The Jesuit left Naples, which at that time was part of the Spanish empire, together with another well-known missionary, Matteo Ricci, in 1577. Both were first sent to Goa, and Ruggieri arrived in Macau two years later, when he was 35 years old, “three years earlier than Ricci”. Both of them “revolutionized the then-view of the world”, the professor made clear. “China was thought at that time to be a small area in the known world. Ruggieri and Ricci made observations of lunar eclipses and discovered the exact longitude of China, and the enormous extent of the Chinese empire was revealed to an astonished Europe.” As a result of their discovery, “it then became clear that the ancient texts and maps were full of errors. None of the navigators before had ever mentioned a vast territory.” Ruggieri was the first to describe this land, and the diagrams of China drawn by him and others are the key element of this exhibition, “since it was the first map of China drawn by the West, although never officially printed.” In 1987, the maps were found in the National Archives of Rome in Italy. “These atlases firstly introduced the geographic locations, rivers, agriculture, mining, education and culture of different provinces in China to the Western world, illustrating the importance of the southern region of China.”
Before being able to do so, Ruggieri, however, had to learn Chinese in Macau. “He was helped by a painter who drew a picture next to each ideogram to illustrate what it meant.” But because “in Macau few people knew the language used by the Mandarins, the magistrates”, the Jesuit began to travel to the Canton fairs. “The efforts he made to learn their language were very much appreciated by the Chinese, so he was almost able to consider himself the friend of an important Mandarin.”
Due to this relationship, the missionary obtained permission to reside in Zhaoqing, the then-capital of Guangdong and Guangxi. “He was the first occidental to receive permission to reside in China”, we learn. From there, he travelled further into China with another Jesuit, Almeida. He wrote a book describing many aspects of life in China, such as the “luxury of traveling by boat, high level of sanitary and living conditions.” An enterprise, which was not without dangers for the European missionary: “China was the example showing that it was possible to live without the Pope.
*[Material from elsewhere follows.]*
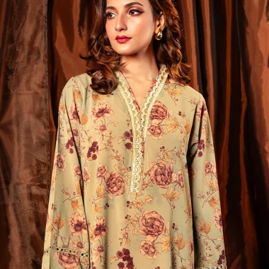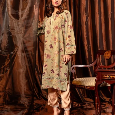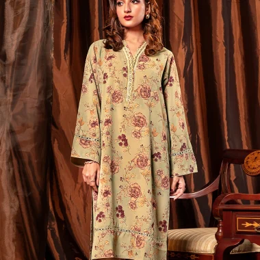 Luxury Printed Georgette Long Kameez has V-neck details, neckline has karchupi work details, front hemline has join lace details, has full sleeve with join lace details, has side slit for easy to wear.
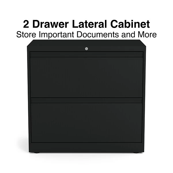 Ideal for commercial, office, and institutional settings, this two-drawer lateral filing cabinet is meant for heavy-duty use. The high-quality, metal construction and baked enamel finish are designed to last.

A country with 107 million people, that lived longer than in Europe, had different religions, good rivers and cities.” According to the professor, Ruggieri became especially influenced by Buddhism. He also realized that “the Chinese were able to accept foreigners preaching the gospel in their own country”, whereas “it was not allowed to print a description of China in Naples.” Thus he saw that “China was more open.”
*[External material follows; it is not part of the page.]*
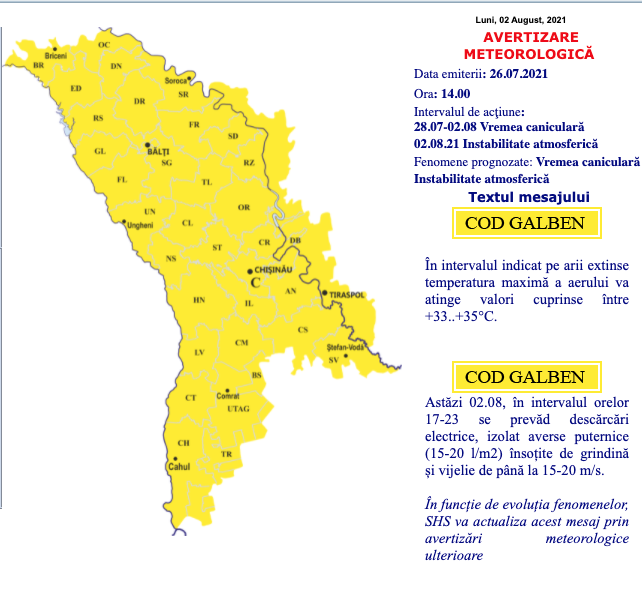 Specialiștii de la Serviciul Hidrometeorologic de Stat (SHS) au prelungit până cel puțin luni, 2 august, codul galben de caniculă, iar în același timp au emis o un alt codul galben de instabilitate atmosferică. Ambele coduri sunt valabile pe întreg teritoriu al R. Moldova.

The exhibition of the man who revolutionized both the European and his own way of thinking starts next Thursday. It will display the original atlases and other maps of China drawn by the Jesuits, as well as the astronomical instruments they used showing the great significance of Chinese learning spreading to the West and Sino-Western cultural exchange. As to the Macau-Italy connection, the curator promises, “You will see traces of this long relationship in the exhibition.”